CFOs flying blind on counterparty risk as cross-border uncertainty spikes
Rising counterparty risk now eclipses transaction costs as the primary concern for finance chiefs navigating cross-border trade. This shift signals CFOs must adopt embedded finance tools for real-time visibility amid escalating geopolitical tensions and fragmented payment systems. 72% of B2B buyers report stronger loyalty to suppliers offering embedded payment methods.
Overview
PYMNTS research identifies counterparty risk—the danger a trading partner fails to meet obligations—as the dominant threat facing treasury operations. Geopolitical instability, financial market volatility, and partner creditworthiness doubts have rendered traditional risk mitigation tools like contracts and insurance insufficient. The Middle East’s exposure to shipping scams involving cryptocurrency payments underscores regional vulnerabilities in an era of accelerating transaction velocity.

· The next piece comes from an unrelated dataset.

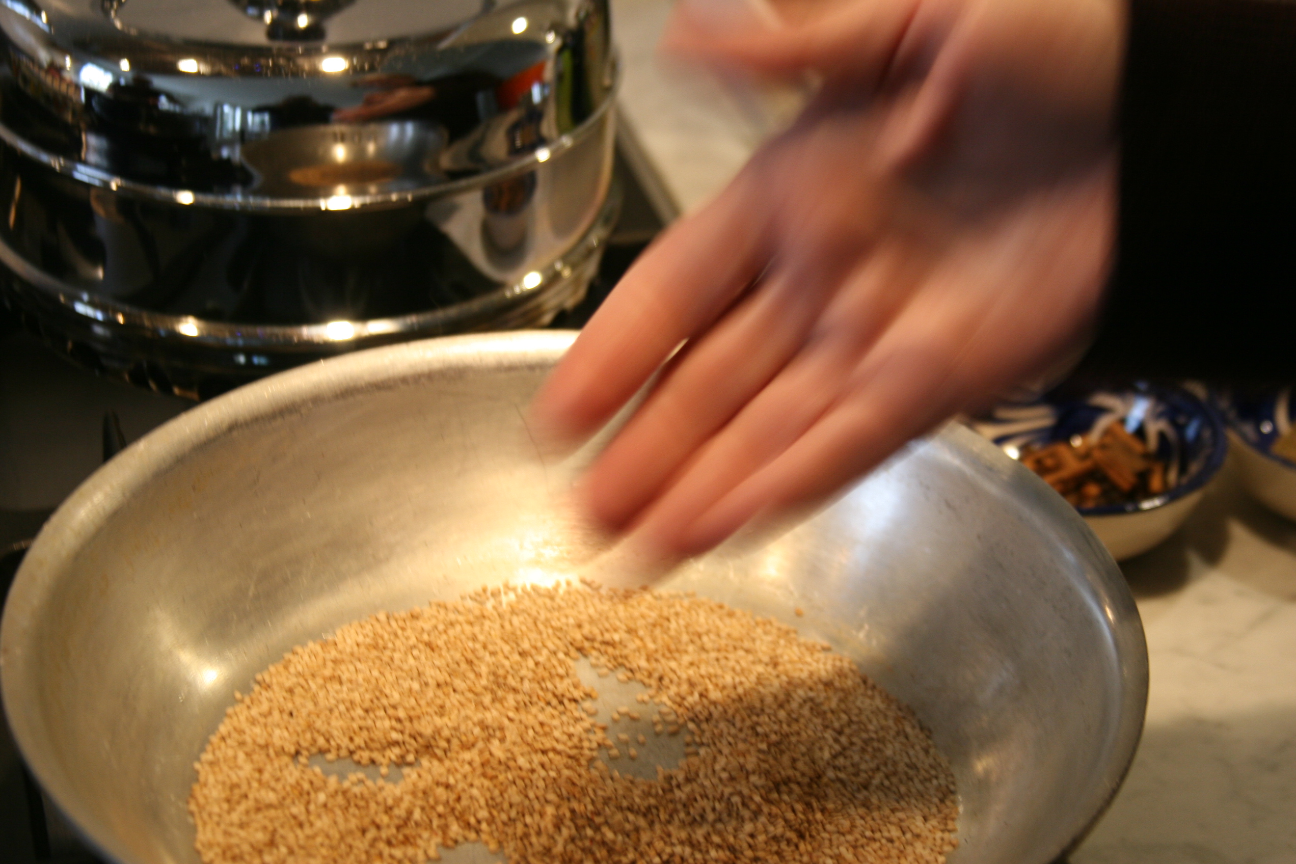 A good mole has at least 20 different ingredients in it. I think the recipe I have has about 25. Finding all of them required a trip to a Hispanic market in Silver Spring.Prep is everything. Getting all the raw ingredients measured and ready to go is a must. Over the next several hours we’ll be toasting, roasting, and frying most everything you see here.Did I mention I had to make stock the day before?Everything appears to be ready.When we learned how to make it in class, the instructor had us taste the sauce after every addition. I wanted John and our friend Sarah to have the same experience so I had them taste it after each step. We even used these little tasting spoons that I bought in the market in SMdA for almost no money.After charring, these will all get liquefied and form the base of the sauce along with the chicken stock.Some things, like sesame seeds get dry toasted.Peppercorn, clove, and cinnamon stick also get dry toasted.Three kinds of dried chiles get toasted before being soaked in water.And then the frying in pork lard begins.This is what raisins look like after being fried in lard. They sure plump up.Plaintains getting golden in the lard.

“CFOs are in the business of control,”
— Jeff Feuerstein, senior vice president of Paymode Product Management and Market Strategy for Bottomline, told PYMNTS, adding that technology can “take care of decisions rather than just provide insights.”
Analysis: Feuerstein’s statement captures the paradigm shift from passive monitoring to active risk prevention. Embedded finance integrates compliance checks, liquidity verification, and payment controls directly into workflow systems—transforming treasury operations from reactive to predictive.

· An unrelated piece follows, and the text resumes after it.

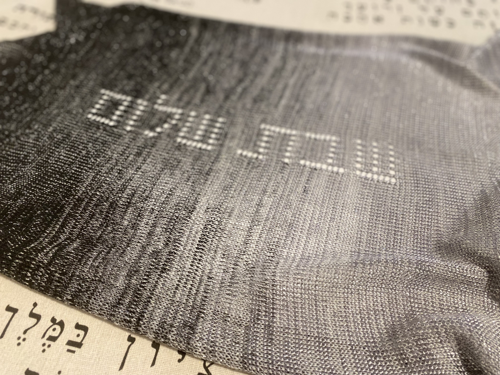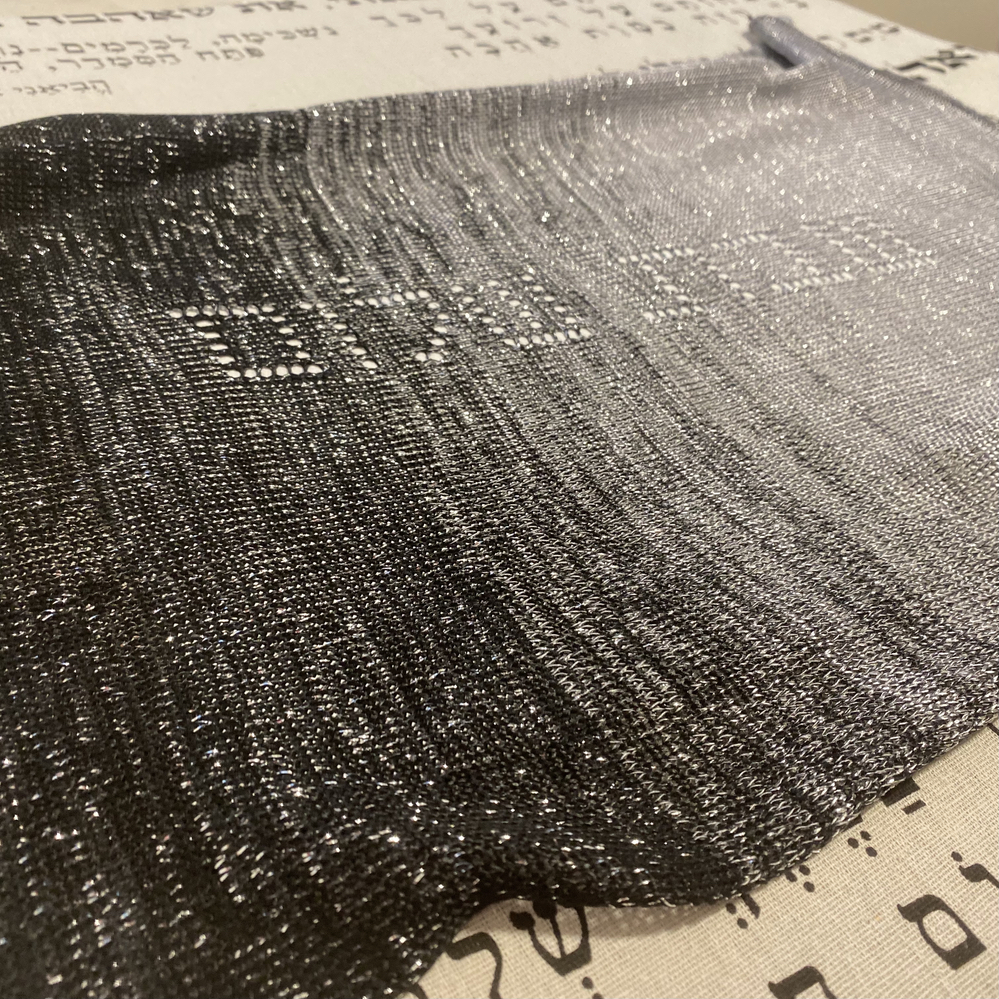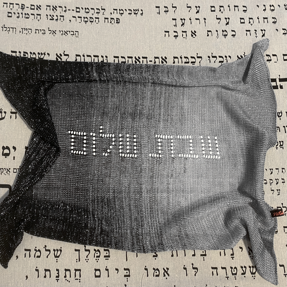 - Laced letters of “Shabbat Shalom” knitted in.
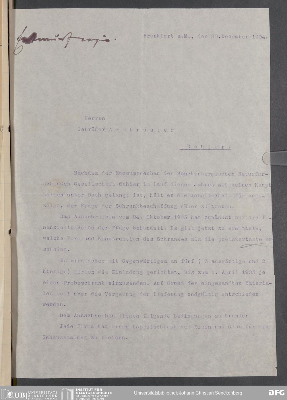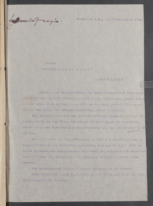 V176 Senckenberg Gesellschaft für Naturforschung, 520 - Ankauf von Museumsschränken bei der Firma Gebrüder Armbrüster

The challenge intensifies as trade volumes surge while risk assessment capabilities lag. Liquidity crunches and evolving regulatory frameworks create dangerous blind spots. Fragmented legacy systems fail to provide the real-time partner health data needed for split-second transaction decisions.
Why this matters
For MENA’s fintech ecosystem, this represents a structural growth opportunity. The GCC cross-border fintech market reached $30 billion in 2024, servicing trade flows approaching $1.4 trillion. Dubai and Riyadh hubs are positioning themselves as global treasury control centers, directly competing with Singapore and Hong Kong.

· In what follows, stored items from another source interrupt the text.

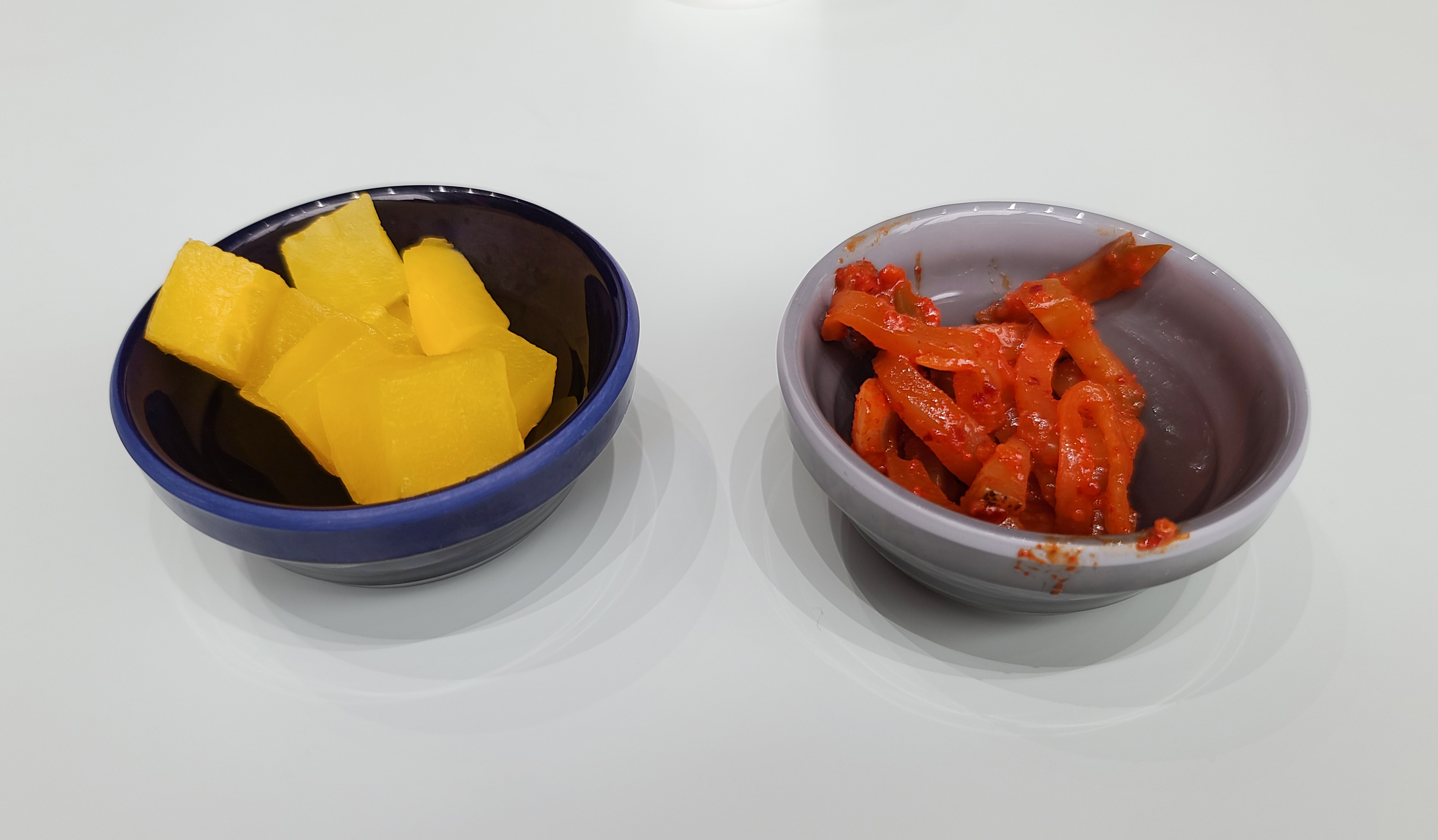 마차이짬뽕은 반찬과 메뉴 등을 직접 가져다 먹도록 되어있었습니다. 반찬은 단무지와 자차이가 함께 제공되었습니다. 마차이짬뽕의 고기 짬뽕의 첫 느낌은 1인분의 양이 꽤 많다는 것이었고, 고기짬뽕이라는 이름답게 고기가 듬뿍 올라가 있다는 게 특징이었습니다. 또 불맛을 내기 위해 채소를 그을린 모습도 볼 수 있었습니다.
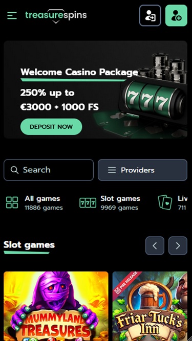 À primeira vista, além de uma vasta biblioteca de jogos, o Treasure Spins oferece um ambiente agradável e uma excelente experiência de jogo online . Sem falar das ofertas promocionais excepcionais!
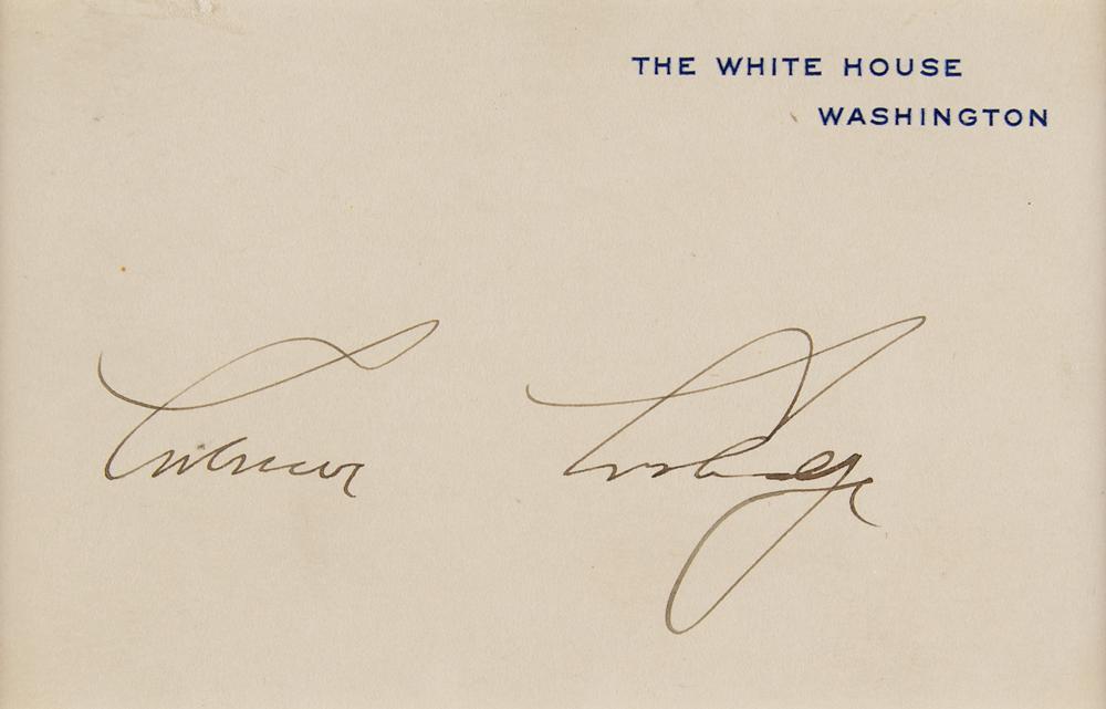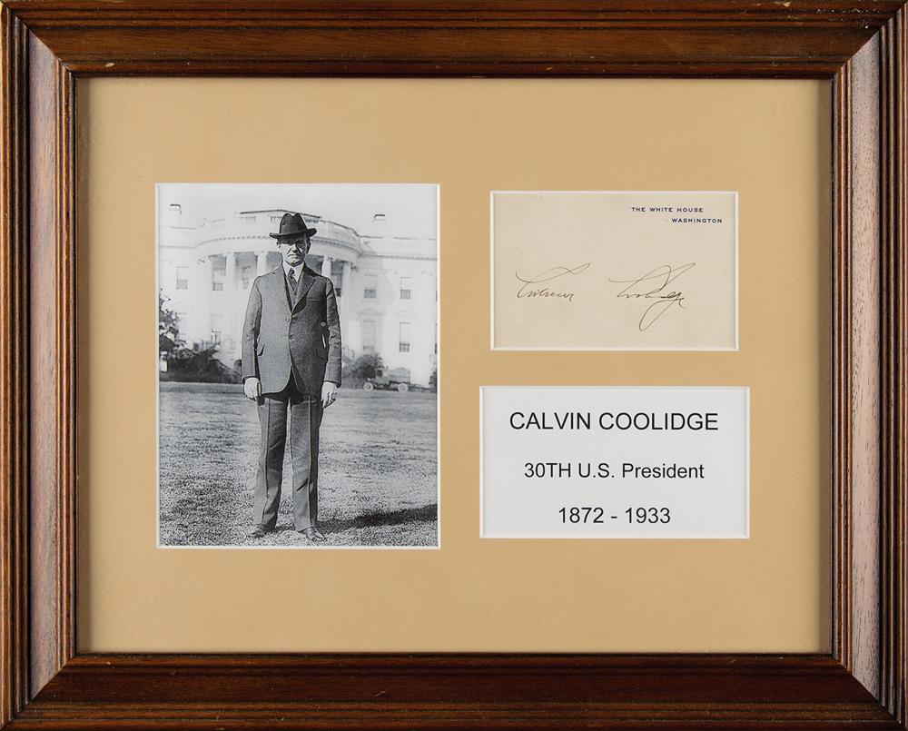 Official White House card, 4 x 2.75, signed neatly in ink by Calvin Coolidge. Matted and framed with a caption and portrait to an overall size of 15.5 x 12.5. In visibly fine condition (not viewed out of the frame).

Project mBridge—the CBDC initiative involving UAE Central Bank and Saudi Arabia’s SAMA—processed 4,047 transactions worth $55.49 billion by November 2025. This infrastructure eliminates correspondent banking uncertainties that historically obscured counterparty visibility, particularly on volatile corridors to South Asia and within intra-GCC trade.
MENA fintechs offering embedded treasury solutions gain competitive advantage as global interest rate volatility amplifies emerging market credit risk. Traditional banking relationships provide insufficient transparency for CFOs managing diversified supplier networks across jurisdictions with varying regulatory standards.
What’s next
What to watch next: Monitor mBridge adoption rates among corporate treasuries and the emergence of stablecoin settlement rails for B2B cross-border payments. These technologies will define which regional financial centers capture treasury mandate share.
Conclusion
Embedded finance infrastructure charts MENA’s path toward agile, low-risk cross-border payment dominance—a critical pillar of Saudi Vision 2030 and Dubai’s D33 economic diversification strategies.